He took the stairs down to the lobby. It was another personal quirk. He had no love of elevators. It wasn’t the confined space, he wasn’t claustrophobic; and it wasn’t the height, he didn’t suffer from vertigo. But somehow, with the two put together, all he could think about were the metal cables above sheering away and the elevator car plunging, so he took the stairs.

Noah walked all the way down the hill of Via Cavour to the ruins of the Forum. Even in the dark, Rome was a spectacular place. But like the prostitutes at the top of the hill, there was something worn down and seedy about the place. It had seen better days. Almost two thousand years ago to be precise.
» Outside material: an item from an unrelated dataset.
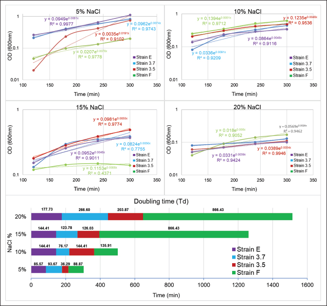 Fig. 2. Comparing doubling time of the 4 isolates in minutes at different salt concentration. Doubling time of the strains at different salt concentrationFor all the isolates the doubling time (Td) increases with increased salt concentration as presented in Figure 2. For instance, Strain E doubled at 85.57 minutes at 5% NaCl, which reached to 177.73 minutes at 20%, indicate the impact of higher salt concentration. Interestingly, strain 3.5, Td decreased at 15% to 126.03 minutes from 144.41 at 10%, indicating its high tolerance and acclimatation to higher salt amount. Protein estimation and expression of ectoine biosynthesis proteinsThe isolation and analysis of total proteins from the four isolates, grown in LB media supplemented with varying NaCl concentrations (5%, 10%, 15%, and 20%), yielded interesting insights. A comparative analysis, illustrated in Figure 3, showcased a trend where total protein content within the cells decreased with an increase in salt concentration. This observation suggests that the expression of only a limited number of proteins possibly necessary for survival in higher salt concentrations. At 5% NaCl, all isolates exhibited a total protein content of approximately 60 µg/ml. However, at 10%–15% NaCl, protein levels were estimated to be in the range of 25–30 µg/ml, with the least observed at 20% NaCl (10 µg/ml). Notably, S. cohnii strain F demonstrated a protein quantity at 20% NaCl similar to that observed at 15% NaCl, i.e., 30 µg/ml. Subsequent SDS-PAGE analysis of the total proteins revealed prominent expression of EctB (46.2 kDa) and EctA (20.8 kDa), responsible for ectoine biosynthesis, specifically in S. cohnii strain F at 10% NaCl and only EctB (46.2 kDa) at 5% NaCl (Fig. 4). Intriguingly, no expression of EctC was detected in either of the strains. Other protein bands with different molecular weights, likely associated with survival or housekeeping functions, were also observed. However, in O. oncorhynchi strain E, J. huakuii strain 3.7, and M. yunnanensis strain 3.5, no expression of ectoine biosynthesis genes was noted. The bands corresponding to other ectoine biosynthesis genes were not identified when these strains were grown in 15%–20% NaCl-supplemented media (data not showed). These findings indicate the strain-specific nature of ectoine biosynthesis under varying saline conditions.

An occasional car cut through the streets, heading down toward the Coliseum and Constantine’s Arch. He walked in a circuit, following the beaten tourist tracks along Via Teatro Marcello and over to the Pantheon and then back around toward the hotel. He heard the revving engines of boy racers, proving that Rome was just like any other city in the Western Hemisphere- full of idiots with fast cars. The entire circuit through the old Rome took him the best part of three hours. The area around the railway station was the one part of the city that didn’t sleep. News vendors were up already, pasting up the day’s headlines.

One of the girls walked toward him, her smile and the sway of her hips inviting.

He didn’t see her.

He only had eyes for the thick black ink of the headline.

One word: Veleno!

Poison.

Rome had fallen silently while he drank his whiskey and watched the whores. He had been looking for fireworks. An explosion on the horizon. Something big. Bright. Bold.

He felt sick to the core.

He turned his back on the woman as she started to ask if he wanted company for the long, hot night.
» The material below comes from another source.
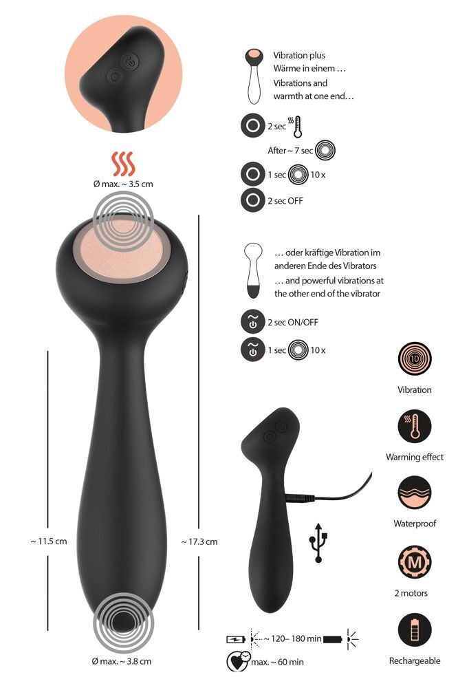 Вибратор Cupa Warming. Стимулируйте теплом и вибрацией! Согревающий вибратор, который можно использовать с обеих сторон для универсального ухода за телом и внутри него. С одной стороны тонкий, узкий вибратор для вагинального или анального введения. С другой стороны приплюснутый накладной вибратор с функцией нагрева для наружного массажа и целенаправленной стимуляции точек удовольствия. 2 мотора обеспечивают 10 режимов вибрации с каждой стороны, а также приятный нагрев. Каждый мотор можно удобно контролировать отдельно нажатием кнопки непосредственно на игрушке. Даже в/под водой, потому что сложная игрушка водонепроницаема. Рабочая длина - 11,5 см.

Despite the drink, Noah was suddenly clear headed.

Noah could see Monsignor Gianni Abandonato was anxious. He shuffled about from foot to foot. He stood at the top of the steps of St. Peter’s Basilica. Behind him the white travertine stone of Maderno’s facade gleamed in the morning. The statues of Jo the Baptist, Christ himself and the eleven Apostles looked down on the Monsignor. Noah couldn’t help but look around himself at the Baroque stonework marvels Bernini had fashioned. There was something truly awe-inspiring about the approach to the cathedral. Bernini had somehow managed to balance heaven and earth in his grand design of a split plaza, with its elliptical circus and trapezoid courtyard. It had soul.

In contrast, Maderno’s facade seemed flawed. Instead of inspiring awe and reverence it smacked of mankind’s vanity. While Bernini had reached for the heavens, Maderno’s work lacked line and symmetry-and its cardinal sin… it lacked any form of vertical feature to draw the eye as the pilgrim approached the holiest of holies. That was left to the dome in the distance.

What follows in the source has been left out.